Serial killers frequently follow a pattern. That pattern may just be the ways in which they harm their victims, but frequently, their pattern extends to the manner in which they choose their victims. Some killers target people who look similar, or have the same jobs, or have the same interests. These nine killers all had specific profiles they bore in mind while choosing their next victims.
1. Adam Leroy Lane
Lane reportedly hated women, saying they were “below him.” He is known to have killed two women and was caught while trying to kill a third, a 15-year-old girl. Police believe he may have killed many more as he traveled for his job as a trucker. He put little planning into his attacks. His first known victim was killed while she was outside in her yard talking on the phone. He chose his second victim by trying doors. Monica Massaro was stabbed to death in her New Jersey home because her door was unlocked. Lane’s only goal was to kill women – he didn’t particularly care what they did or looked like.
2. Robert Hansen
Richard Hansen was an experienced tracker and hunter. He literally hunted his female victims. He either drove or flew them in his private plane to remote sections of Alaska, then pursued them through the woods. He kidnapped, raped, and murdered at least 17 women around Anchorage and possibly more than 30. Hansen had a stutter and bad acne growing up. He reportedly felt shunned by attractive girls in his school and turned his revenge fantasies into reality. Hansen primarily targeted good-looking women who worked in the sex trade.
3. Dennis Rader
Rader, the BTK (Bind, Torture, Kill) Killer, chose his victims carefully. He identified women who fit his specific sexual fantasies then stalked them over a period of time. He left a frightening note for one intended victim who didn’t come home the night he planned to kill her. It read, “Be glad you weren’t here. Because I was.” Dennis Rader prioritized targets who lived alone or didn’t lock their doors regularly.
4. Anders Breivik
The Norwegian mass murderer killed 77 people, first detonating a bomb at a government building, then shooting dozens of young people trapped on an island summer camp. Most were the children of liberal Norwegian politicians. Breivik, a neo-Nazi, says he planned the terrorist attack for nine years. His manifesto, published the day of the attack, declared his enemies were feminism, Islam, and “cultural Marxism.”
5. Richard Chase
Chase, sometimes called ‘The Vampire of Sacramento’, told police he chose only victims whose doors were unlocked. He said he considered an unlocked door a sign that his victim wanted him to enter.

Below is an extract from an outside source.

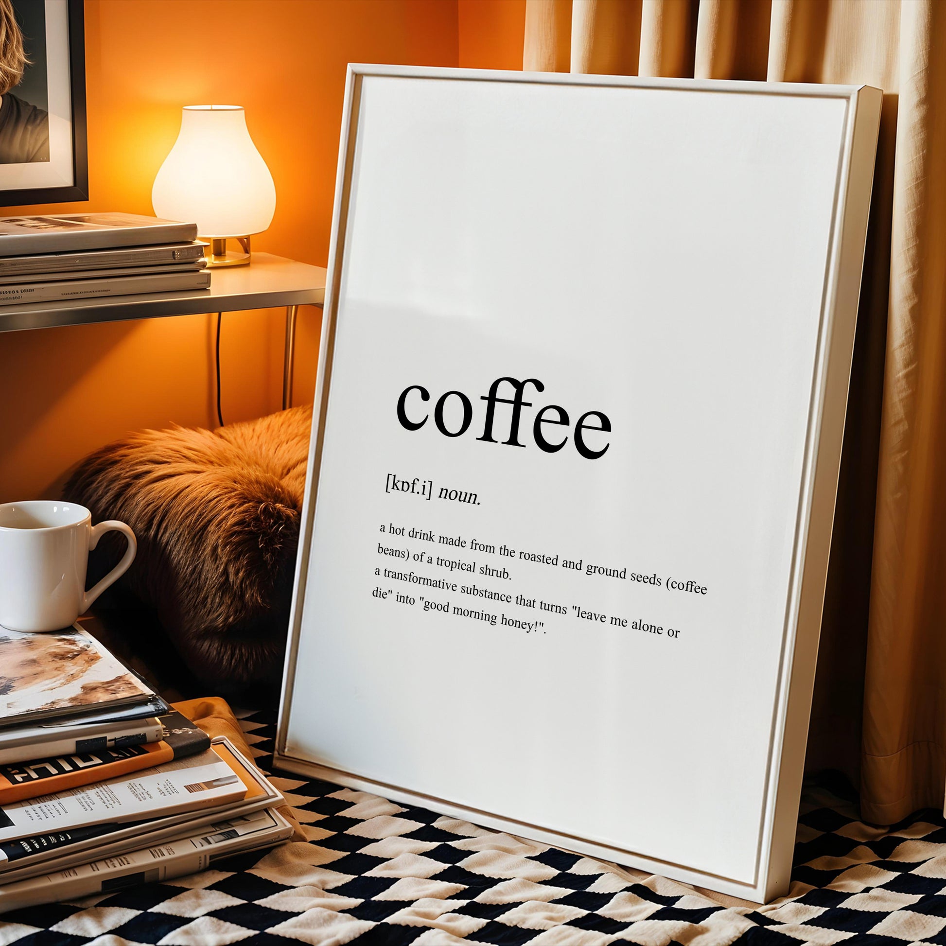 This playful coffee definition print combines a classic dictionary-style description with a tongue-in-cheek modern twist. It will add a touch of everyday humour to any kitchen, coffee station, dining space, bedroom or home office.

Chase killed at least six people, drank their blood, and sometimes ate their flesh.
6. Ashley Mervyn Coultson
Australian killer Coultson picked two victims after they put an ad in the paper. Two students were looking for a third person to share their house. Coulton answered the ad and forced the two women into separate rooms. The brother-in-law of one of the women was there at the time and Coultson forced him into a third room. All three were hogtied and shot. No motive has ever been established. Coultson went on to attempt to abduct another couple about a month later but was stopped by nearby security guards.
7. Colin Ireland
Ireland stalked his victims in gay bars, choosing men who were willing to be tied up as part of a sexual game. Ireland claimed he was not gay and his motivation was not sexual. Rather, he said, it was easier to kill someone when they willingly allowed themselves to be restrained. Ireland killed at least five men and died in prison.
8. Gary Ridgway
The so-called Green River Killer targeted vulnerable women - prostitutes and runaways. That may have been why he was able to kill so many before being caught. He was convicted of 49 murders but is believed to have killed twice that number. He himself said he killed so many women that he has trouble keeping them straight.
Read More: Gary Ridgway: The Green River Killer
9. Anthony Sowell
When he was arrested, police found eleven bodies in Sowell’s Cleveland, Ohio duplex. Sowell, too, chose victims he believed were less likely to be missed. In this case, the killer chose African-American women, typically ones who were not close with their family, or struggled with drug use, thinking that police and the community would not be able to come together to find his victims. He was right. Many of his victims had not even been reported missing by their families.